I recently had to visit a consultant about the osteoarthritis in my hands.
He was a Catholic and said something that made me think:
“I treat a lot of priests of your vintage who have arthritis in the hands from getting their hands stuck into on the ground pastoral work”.
It made me think back.
During my five years as a curate in St. Peter’s Cathedral – in the midst of a woefully deprived area, I did use my hands a lot.
As the founding chairman of the Divis Resident’s Association, I organised a major cleanup of the area involving myself and the parishioners sweeping streets, filling skips with rubbish, washing walls and painting them.
In other ways, in places like the youth club and schools, and holiday trips, you got stuck in very physically as well.

And I wasn’t the only one doing it. There were others in Belfast like Father Matt Wallace RIP and Father Paddy McWilliams who were quite happy to get their hands dirty.


And others like Fr Des Wilson, Belfast and Father McDyer of Donegal.

We saw ourselves as servants of the parishioners and not superior to them and if they got tired and dirty we got tired and dirty with them.
The modern priest seems to be a totally different character.
He is obsessed about his status as ontologically changed.
He is dressed in more black than an undertaker and wears a collar the size of a surgical collar.
He wants to say Mass in Latin wearing tons of brocade, gold leaf and lace.
If you want to see him you must make an appointment to see him with the parish secretary.
All my life, until this say, Ive had no secretary and I’m available 24/7.
People in crisis dont need an appointment. They need instant access to their pastor – even if it is at 3 am.
My days in parishes, apart from Mass and the Sacraments, revolved around school visitation morning and afternoon and the youth club in the evening.
And there was time for fun having a pint with the youth leaders after 9.30 pm in a social club – where it was also normal for me to be approached about issues or to hear a Confession.
These younger guys spend their spare time, of which there’s a lot, visiting other Latin queens, drinking pink gin, pouring over vestment catalogues – thats when they are not having gay sex with each other or visiting cruising spots and saunas.
They will never have osteoarthritis in their manicured and moisturised hands.
I remember an old London lady telling me about his former PP the later Cardinal John Heenan. He was never off the streets and out of the homes of his parishioners in the East End. When he sat down in homes parishioners noticed holes in the soles of his shoes.
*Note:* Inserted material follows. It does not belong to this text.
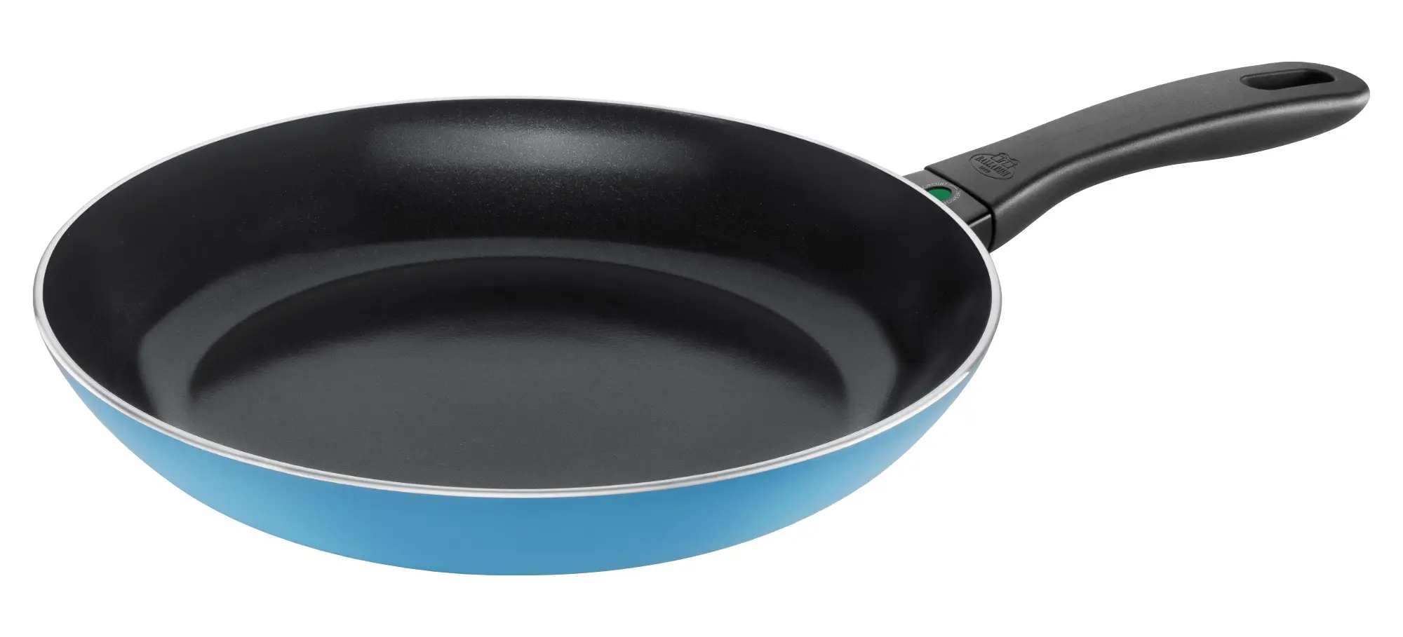 Prezentowana patelnia o średnicy 28 cm i niebieskim kolorze po wewnętrznej stronie pokryta została innowacyjną, błyszczącą, czarną powłoką nieprzywierającą KERA GLOSS, która umożliwia smażenie w wysokich temperaturach dla pysznych, złocistych i chrupiących potraw. Kontrolę temperatury ułatwia przy tym umieszczony w uchwycie wskaźnik THERMOPOINT, który zmienia kolor w miarę nagrzewania się naczynia. Innowacyjna technologia Radiant Induction z kolei sprawia, że dno patelni rozprowadza ciepło szybko i równomiernie, pomagając uzyskać doskonałe rezultaty kulinarne. Zaprojektowany przez Matteo Thuna i Antonio Rodrigueza uchwyt z czarnego tworzywa sztucznego ma ergonomiczny kształt i właściwości antypoślizgowe, dzięki czemu pewnie leży w dłoni, pozwalając na wygodne manewrowanie patelnią. Naczynie może być używane na wszystkich rodzajach kuchenek (daje szczególnie dobre wyniki na kuchenkach indukcyjnych) i łatwo myte zarówno ręcznie jak i w zmywarce.

There are so few examples of real priests now among the under 40s.
Seminaries and dioceses are now full of pansy clerics who never did a day’s work in their lives, dont really believe, never pray but just enjoy posing on clerical pedestals.
The priesthood, more than ever needs:
Pastors not dictators.
Adults, not teenagers that never grew up.
Men more concerned about changing the lot of their not parishioners, not the ontologically changed obsessives.
Priests on streets, priests in homes, priests in food banks.
AND NOT
Upstarts and snobs dressed as Victorian clergymen.